Identification of challenges: We identified two primary challenges in crafting the prompt: (a) creating content that would be model-agnostic and (b) ensuring the accessibility of the output format [55]. The former required developing a prompt that could be understood and responded to by any LLM, regardless of its architecture. The latter involved designing an output format that would facilitate ease of use and integration into code, particularly emphasizing JSON formatting for versatility and compatibility.
Finalization and validation: After rigorous testing and refinement, we arrived at a finalized prompt that effectively elicited responses in the desired output format. Validation through Source Code 1 demonstrates the prompt’s ability to generate meaningful responses comprehensible to all models, thus fulfilling our objectives of accessibility and compatibility.

conversation.append({‘role’: ‘system’, ‘content’: “You are a crypto expert.”})

conversation.append({‘role’: ‘user’,

‘content’: ‘Evaluate the sentiment of the news article. Return your response in JSON format {“sentiment”:

“negative”} or {“sentiment”: “neutral”} or {“sentiment”: “positive”}. Article:\n’ +

input[‘text’] + “})

3.3. Model Deployment, Fine-Tuning, and Predictive Evaluation

As discussed earlier in this study, we employ two distinct models to address sentiment analysis and classification tasks within the cryptocurrency sector. While previous research has explored cryptocurrency sentiment analysis using various algorithms and techniques, there is a significant gap in utilizing LLMs for this purpose. In this study, we have decided to extensively test the GPT-4, BERT, and FinBERT models both before and after fine-tuning.
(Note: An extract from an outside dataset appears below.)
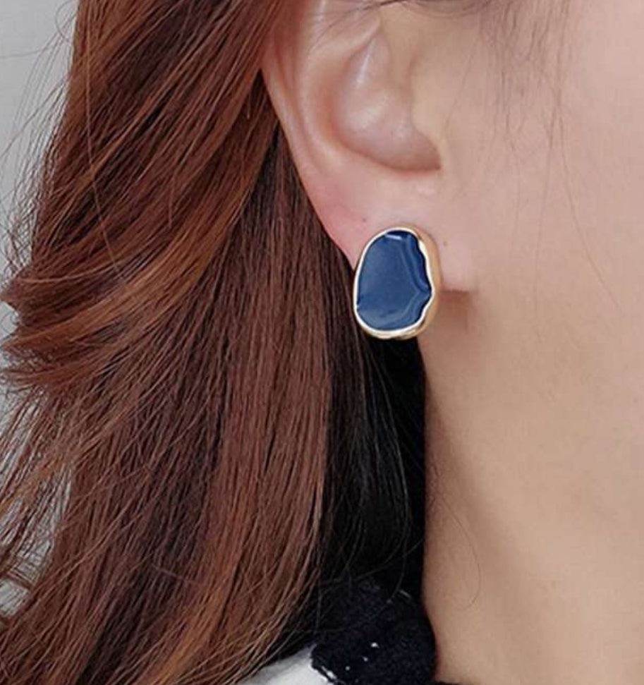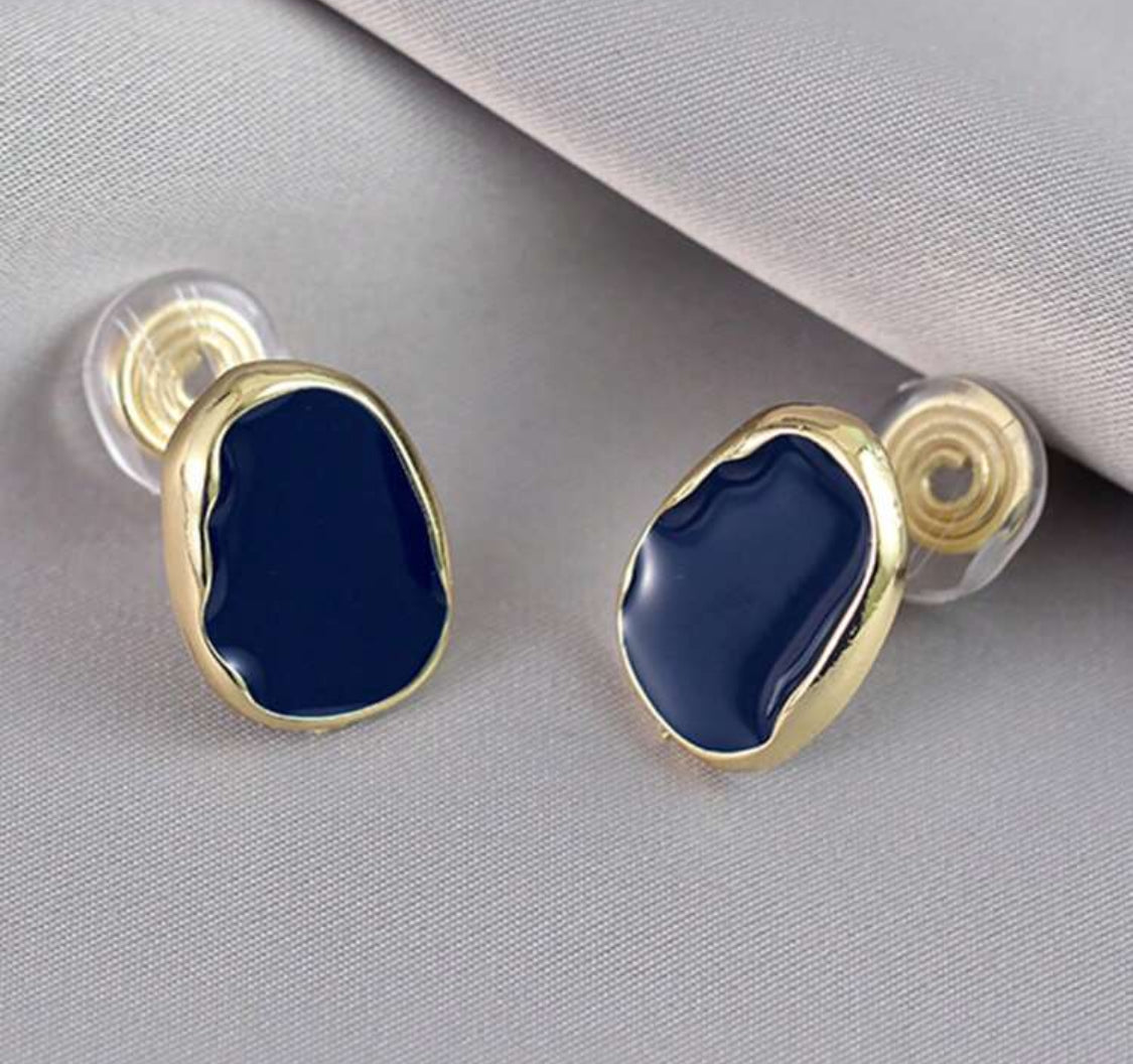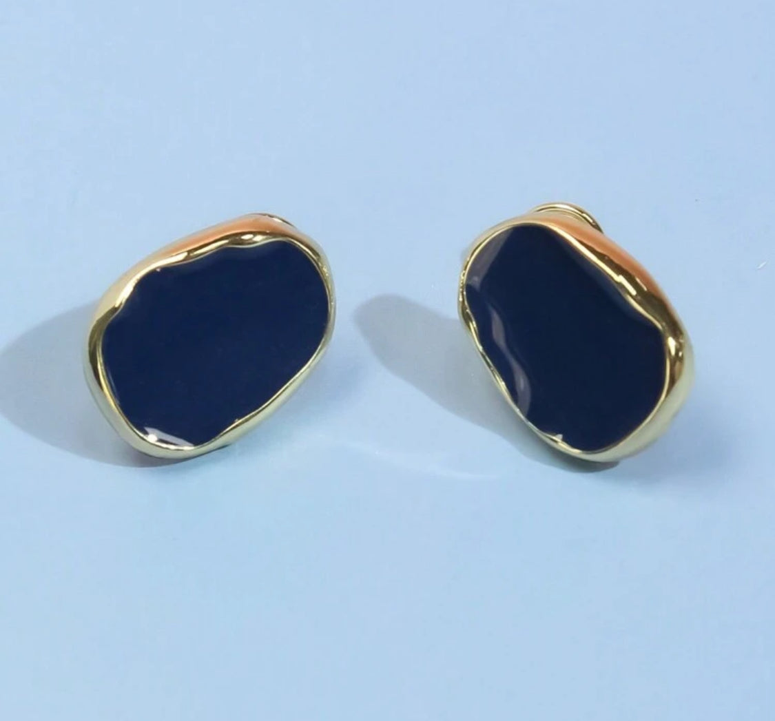 These clip-on earrings feature a unique 3/4" odd-shaped button design in elegant gold and blue tones. Crafted for comfort, they offer a secure fit without the need for pierced ears, making them perfect for all-day wear. Add a distinctive touch to your look with these stylish and easy-to-wear accessories.

Below, we present an overview of how each model is deployed, showcasing our innovative approach to utilizing them for this specific task.

3.3.1. GPT Model Deployment and Fine-Tuning

In this stage, we utilized the GPT-4 Turbo base model, also referred to as gpt-4-0125-preview, for the sentiment analysis and classification of news articles. [56]. Leveraging the extensive pre-training of large language models (LLMs), our approach enabled the model to discern nuanced cues within the textual content of news articles. This section details the fine-tuning process to adapt the pre-trained model for our specific task.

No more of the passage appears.